About the PNAS Member Editor
Name Nasrallah, June B.
Location Cornell University
Primary Field Plant Biology
 Election Citation
Nasrallah has been a leader in elucidating the molecular mechanisms responsible for the self-incompatibility that prevents self-fertilization in plants. She has identified the genes that are expressed by the female and male parts of the flower that interact to cause rejection of self-pollen. Her recent research explores the genetic basis for the evolutionary switches from outcrossing to self fertility.
 Research Interests
My research focuses on the study of the cell-cell interactions required for plant reproduction. By studying the highly specific interactions between the pollen or pollen tube and the female pistil, we expect to understand the mechanisms underlying reproductive success and mating specificity within and between species, and to shed light on the more general problem of cell-cell communication in plants. A long-standing interest has been to investigate the mechanism of self-incompatibility in crucifers, a major barrier to self-fertilization that leads to the arrest of self-related pollen grains at the surface of the pistil. We showed that recognition of self-pollen results from allele-specific interactions between a receptor kinase expressed on the epidermal cells of the pistil and its ligand, a small peptide expressed on the surface of pollen grains.
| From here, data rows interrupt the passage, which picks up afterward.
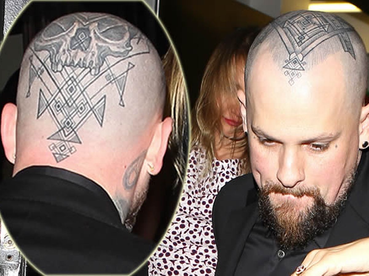 Does Benji Madden have tattoos on his head? Benji Madden has a massive tattoo on his shaved head.
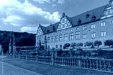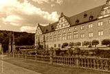 Weikersheim , Germany - view of the palace with a decorative, stone fence.
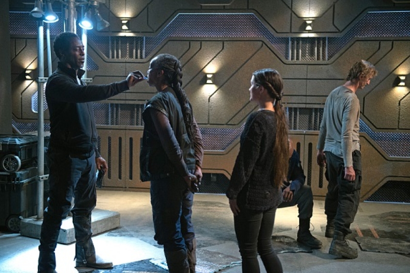 Jaha (Isaiah Washington) appears to be handing out the new pain relief drug around the camp, most specifically to the younger members, stating the "chip" is merely a means of helping the community. When asked if causes any side effects or pain, Jaha simply states "nope."
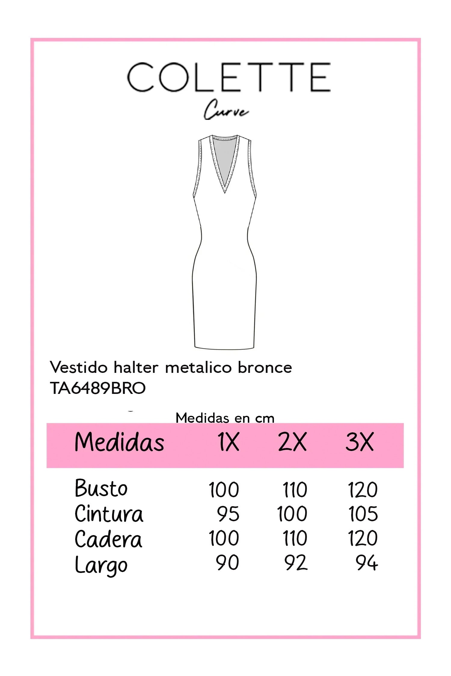 Vestido halter metalico bronce
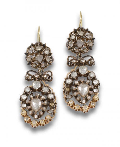 Pendientes largos populares, S. XIX, de oro amarillo y vistas en plata (parte inferior remodelada en uno de ellos). Formados por elementos cuajados de diamantes, talla holandesa y rosa (faltan dos).
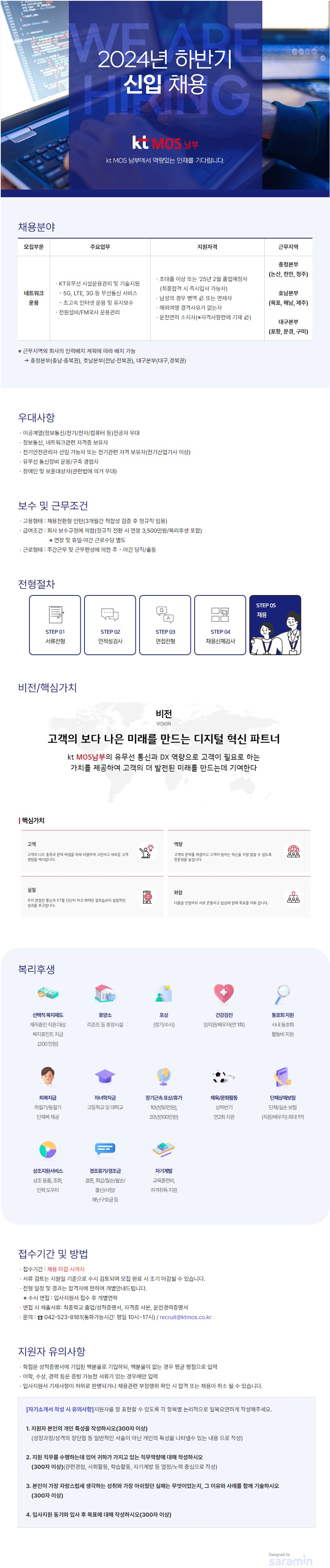 [(주)케이티엠오에스남부] 2024년 하반기 신입 채용(채용시까지) 글의 상세내용

By transformation with a pair of receptor and ligand genes, we rendered the self-fertile species A. thaliana self-incompatible, thus demonstrating that these two proteins are the major determinants of the out-breeding mode of reproduction in crucifers. Our current work aims at understanding the basis of specificity in receptor-ligand interaction, how receptors and ligands co-evolve to generate new self-recognition specificities, and the signal transduction pathway that leads to pollen inhibition. We are also interested in characterizing the genetic basis of evolutionary switches from out-crossing to self-fertility, and thus understand a major process in the reproductive isolation of plant species.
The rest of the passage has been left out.